■ **TASK OBJECTIVE**:
Pictures in the data should be dropped; transcribe exactly the lines from the one that has "Augenstern Flutter Sleeve" through the one that has "O atletismo da".

-------- TASK DATA

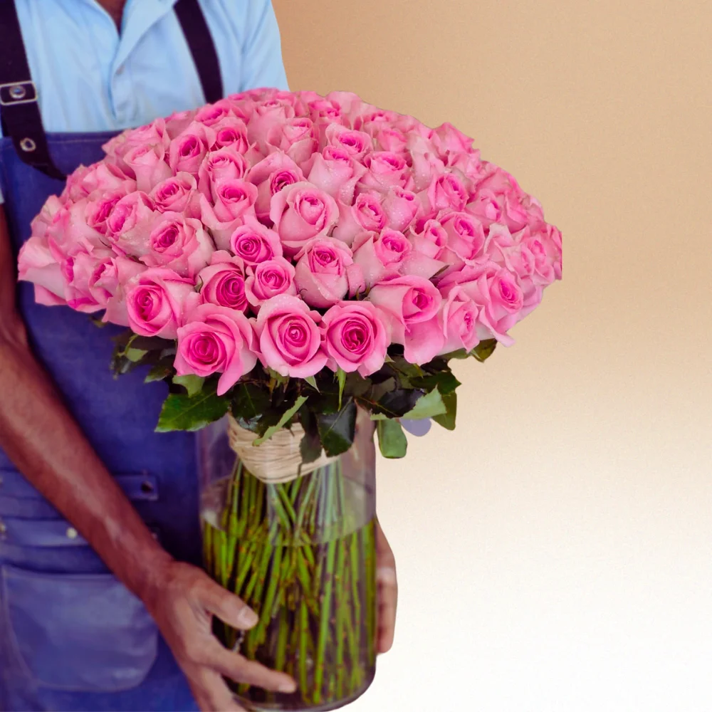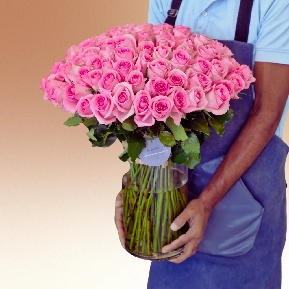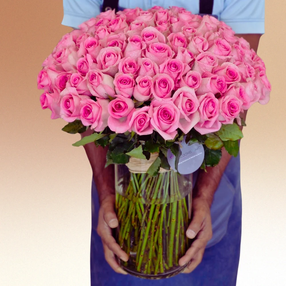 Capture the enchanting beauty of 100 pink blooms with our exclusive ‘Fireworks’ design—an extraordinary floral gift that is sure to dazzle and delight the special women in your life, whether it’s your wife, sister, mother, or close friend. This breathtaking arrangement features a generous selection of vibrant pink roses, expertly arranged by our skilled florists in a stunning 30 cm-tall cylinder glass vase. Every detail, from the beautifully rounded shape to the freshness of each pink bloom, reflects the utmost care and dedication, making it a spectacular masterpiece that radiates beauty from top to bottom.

----------------
-------- TASK DATA

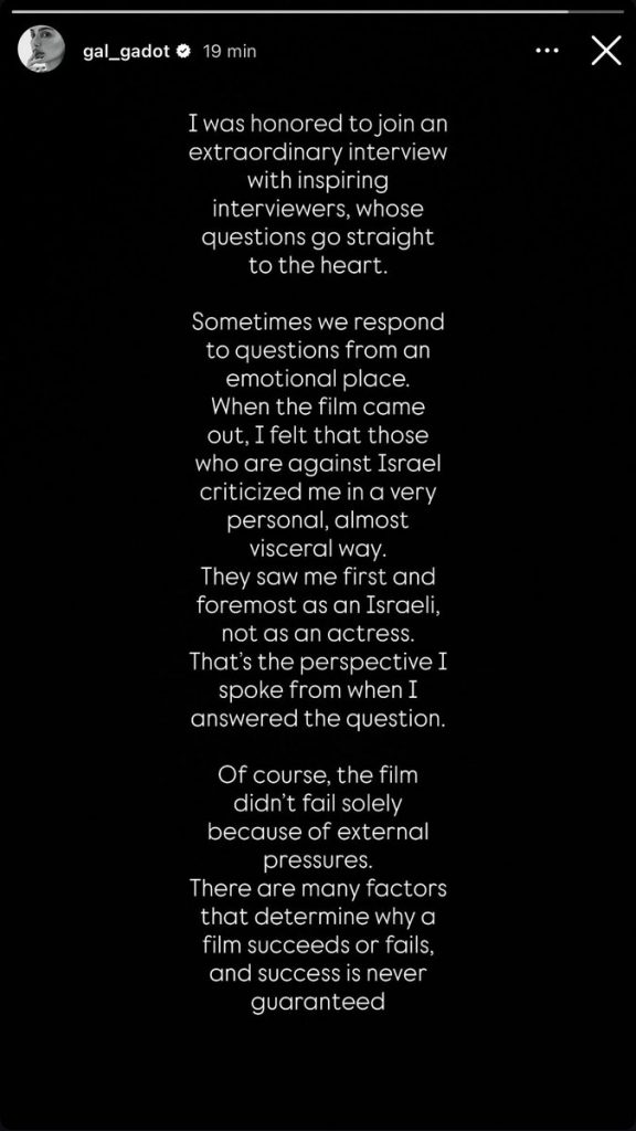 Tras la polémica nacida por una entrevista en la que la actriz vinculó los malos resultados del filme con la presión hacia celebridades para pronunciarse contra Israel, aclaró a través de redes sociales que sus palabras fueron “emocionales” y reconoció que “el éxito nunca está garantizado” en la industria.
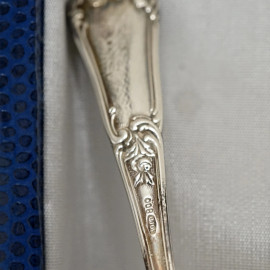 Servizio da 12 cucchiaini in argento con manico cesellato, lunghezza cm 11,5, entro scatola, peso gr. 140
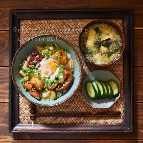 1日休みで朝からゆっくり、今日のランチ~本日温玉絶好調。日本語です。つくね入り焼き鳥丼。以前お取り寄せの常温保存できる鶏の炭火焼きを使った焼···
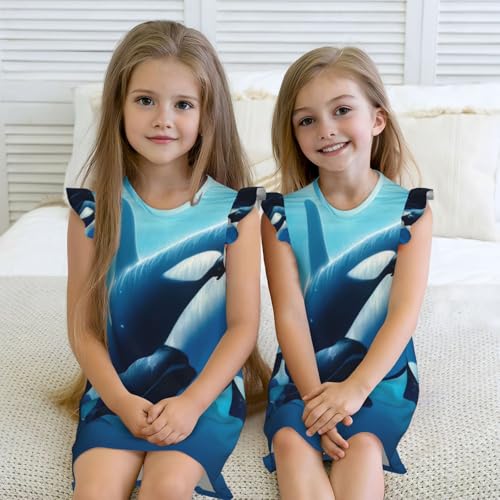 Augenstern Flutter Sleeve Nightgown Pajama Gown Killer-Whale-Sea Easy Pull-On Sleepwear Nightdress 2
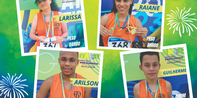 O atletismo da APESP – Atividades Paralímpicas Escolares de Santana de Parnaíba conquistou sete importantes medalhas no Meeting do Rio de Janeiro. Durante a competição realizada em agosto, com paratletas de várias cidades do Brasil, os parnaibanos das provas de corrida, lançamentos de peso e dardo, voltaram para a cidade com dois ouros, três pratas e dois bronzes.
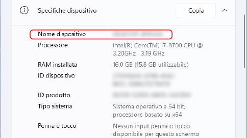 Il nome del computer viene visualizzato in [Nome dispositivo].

----------------

■ **WRITTEN ANSWER**:
 Augenstern Flutter Sleeve Nightgown Pajama Gown Killer-Whale-Sea Easy Pull-On Sleepwear Nightdress 2
 O atletismo da APESP – Atividades Paralímpicas Escolares de Santana de Parnaíba conquistou sete importantes medalhas no Meeting do Rio de Janeiro. Durante a competição realizada em agosto, com paratletas de várias cidades do Brasil, os parnaibanos das provas de corrida, lançamentos de peso e dardo, voltaram para a cidade com dois ouros, três pratas e dois bronzes.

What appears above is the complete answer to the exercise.